Sacred Heart Academy is a historic former residence and school in the city of Cincinnati, Ohio, United States. Built as the home of a wealthy man, it was the location of a Catholic school for most of its history. As a work of a regionally prominent architect, it has been named a historic site.

==History==
English immigrant Samuel Hannaford began his Cincinnati architectural practice in 1858 in partnership with Edwin Anderson. This partnership endured until 1870, shortly after Sacred Heart Academy was constructed in 1868. The building was originally a massive house; its first resident, William C. Neff, desired that his home be patterned after the English Kenilworth Castle.
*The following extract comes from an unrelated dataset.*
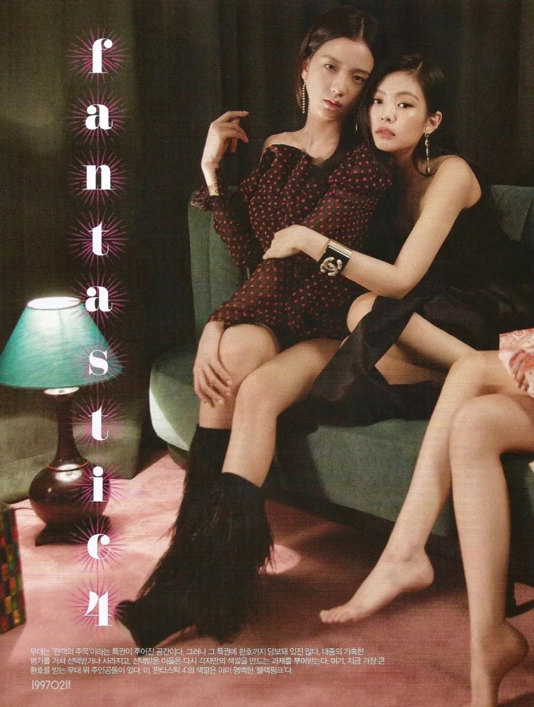 جيني: أممممم.. أعتقد أنه كان واضحًا بالفعل ولكن أيا كان ما نفعله، فإننا نحوله إلى شيء خاص ببلاك بينك؟ الفنانين الآخرين يقومون بالمزيد من الأنشطة الأخرى بخلاف العروض الموسيقية مثل الظهور في العروض المتنوعة أو القيام بجلسات تصوير مثل اليوم، أما نحن عندما نقوم بعمل جلسة تصوير، نتحول إلى عارضات رائعات، عندما نظهر في العروض المتنوعة، فإنه يجعلنا نشعر بالسعادة عندما يعتقد الناس أننا “مرحات و لطيفات حقا هذا الأمر يجعلني أشعر وكأنني أعمل بشكل جيد كعضوة في بلاك بينك ” عندما أتمكن من التكيف بشكل جيد مع أي صورة أحاول تصويرها

Neff's house was one of numerous residences that Hannaford designed for Cincinnati's wealthy, although it predates most others; Hannaford became prominent in Cincinnati and the surrounding region only after designing Music Hall near downtown in 1877, and the Gilded Age at the end of the nineteenth century saw numerous Hannaford houses being constructed in prestigious neighborhoods such as Walnut Hills and Avondale. Neff only lived in his great house for a few years; in 1876, it was acquired by the Academy of the Sacred Heart, which needed to leave its previous location on Grandin Road. The Academy used the property for nearly a century until closing entirely in 1970, but it had remained active among Catholic schools until shortly before the end; in the late 1960s, it became a founding member of the Girls Greater Cincinnati League. During its decades in the building, the school arranged for the construction of multiple additions to the original structure.

==Architecture==
Built primarily of stone, the Academy features ashlar walls with a rough appearance. Most parts of the building are two or three stories tall, although the intended English castle appearance is responsible for the presence of a four-story tower. Visitors enter through a portico dominated by pointed arches: both the main entrance and the sidelights employ the design, as does a window placed under the main part of the tower. Such windows, emblematic of the Gothic Revival style, were also used for later construction; they form a crucial component of an attached chapel built during the school's occupation of the building. Inside, hand-carven wood panelling is exceptionally extensive: the Swiss woodworkers whom Neff hired for the purpose required two full years of work to complete the carvings.

==Historic site==
In 1973, the academy was listed on the National Register of Historic Places, qualifying because of its historically significant architecture. Seven years later, it was included in a multiple property submission of fifty-five Hannaford-designed buildings in Hamilton County; its previous National Register status, along with that of sixteen others in the submission, was a significant component of the rationale for granting National Register status to the remaining thirty-eight buildings.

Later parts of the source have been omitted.